Generated August 15, 2026.
Figures quoted in this analysis are from its generation date and may lag the live snapshot table above, which always shows the latest data.
Overview
GPIQ and QYLD are both ETFs that hold Nasdaq-100 stocks and sell monthly call options to generate income—but they differ fundamentally in how they run the strategy. GPIQ, launched in late 2023 by Goldman Sachs, targets a 10.12% distribution rate using a proprietary approach with slightly out-of-the-money calls and beta close to 1.0. QYLD, Global X's decade-old fund with $8.23B in assets, tracks the Cboe Nasdaq-100 BuyWrite Index, selling at-the-money calls and delivering an 11.70% distribution rate, though its lower beta of 0.49 signals more capped upside capture.
How they differ
The biggest structural difference is call strike selection and its effect on upside. QYLD writes at-the-money calls tied to a published index methodology, which caps gains but locks in predictable monthly income. GPIQ uses what appears to be a slightly out-of-the-money approach—evidenced by its beta of 1.0964 versus QYLD's 0.49—meaning it retains more upside participation but at the cost of lower premium capture and a 10.12% yield versus QYLD's 11.70%.
Cost of ownership matters too. GPIQ charges 0.29% in expenses, QYLD 0.61%—a 32-basis-point spread that compounds over time, though QYLD's higher yield more than offsets it on a cash-flow basis. QYLD has proven track record: it's been running this strategy since December 2013, with $8.23B in AUM. GPIQ is brand new (October 2023) with $5.37B, so its sustainability under various market conditions remains untested.
Both funds face NAV erosion risk at their stated yields, but QYLD's 11.70% distribution rate is higher relative to typical underlying Nasdaq-100 earnings growth, suggesting a heavier reliance on call premiums and potential capital decline over extended periods.
Who each is best for
GPIQ: Fits investors seeking monthly covered-call income from large-cap tech but willing to accept a lower yield in exchange for modestly higher total-return potential—useful for accounts where some capital appreciation matters alongside regular income.
QYLD: Designed for income-focused investors prioritizing a consistent, above-market monthly distribution and accepting the tradeoff that call caps will limit upside, especially in rallying Nasdaq-100 markets; suits those who've already made peace with capped appreciation.
Key risks to know
- NAV erosion at high distribution rates. QYLD's 11.70% yield substantially exceeds typical Nasdaq-100 dividend and buyback yield (~2%), implying heavy reliance on call premium capture and potential steady NAV decline if realized returns disappoint.
- Call cap limits upside in strong equity rallies. Both funds sacrifice Nasdaq-100 gains above the strike; QYLD's at-the-money strikes will cap gains more severely than GPIQ's higher beta approach, but both underperform the index in directional bull moves.
- Limited track record for GPIQ. Launched October 2023, GPIQ has not yet weathered a full market cycle or significant volatility regime, leaving its premium-collection strategy untested under stress.

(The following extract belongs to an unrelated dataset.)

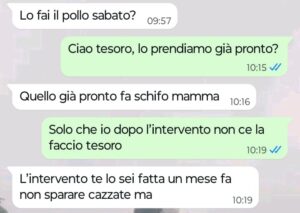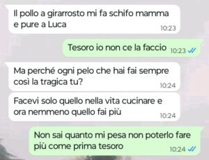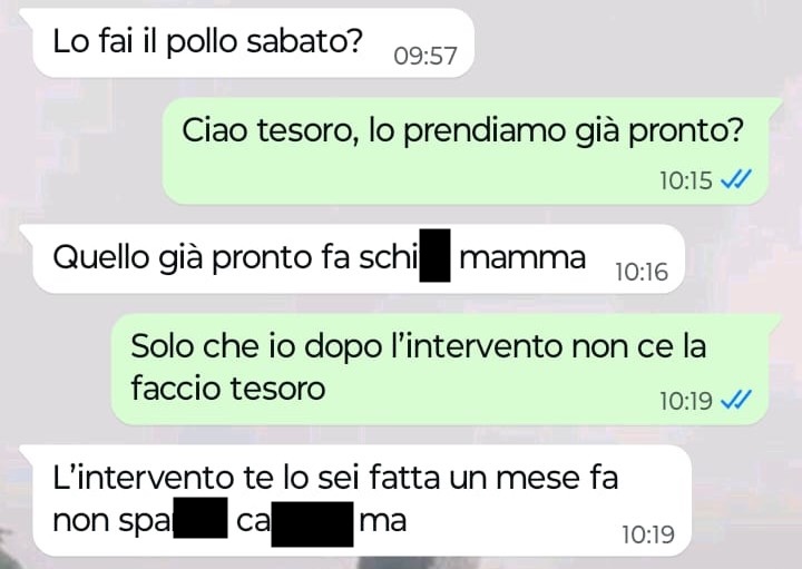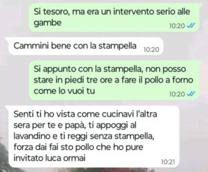 “Carissime Spunte Blu, sono una vostra grande sostenitrice ma oggi vi scrivo con un grosso peso sul cuore. Sono una professoressa da poco in pensione e un mese fa ho dovuto affrontare un intervento importante alle gambe, infatti ancora oggi, dopo un mese esatto, giro per casa zoppicante con la stampella. Poteva andare anche peggio certo, e i medici hanno detto che i miei tempi di ripresa sono eccellenti. Ho un figlio, Vittorio, che amo molto naturalmente. Oggi ci siamo sentiti perché Vittorio mi ha fatto una richiesta specifica per il pranzo del sabato che di solito facciamo sempre tutti insieme a casa anche con la sua compagna, io ho risposto ai suoi messaggi cercando di spiegargli che ora le cose per me sono cambiate dopo l’intervento e purtroppo non sono più quella di prima che sfrecciava per casa come un fulmine; mio figlio però oggi mi ha delusa moltissimo perché non mi aspettavo che potesse avere delle reazioni di questo tipo con me di fronte ad un problema di salute serio, ma è stata sopratutto la soluzione finale che lui avrebbe trovato per il pranzo del sabato a ferirmi come non mai.”

- Index assignment and options liquidity. QYLD tracks a formal index (Cboe BuyWrite) and relies on liquid one-month rolling options; any shift in index methodology or a spike in options bid-ask spreads could affect execution quality.
- Nasdaq-100 concentration. Both funds hold identical 100 large-cap tech and growth stocks; overlapping holdings mean similar sector and single-name risk exposure regardless of yield difference.
Bottom line
If you prioritize tested longevity and maximum monthly cash flow, QYLD's established track record and 11.70% yield stand out—but accept that nearly 12% is unlikely to come from underlying index returns alone. If you value slightly more flexibility to participate in Nasdaq rallies while still collecting 10%+ monthly income, GPIQ's lower expense ratio and higher beta offer a different tradeoff, though the fund's newness means less data on how it performs during downturns. Past performance does not predict future results.
AI-generated analysis for educational purposes only. Verify important details independently; past performance does not guarantee future results.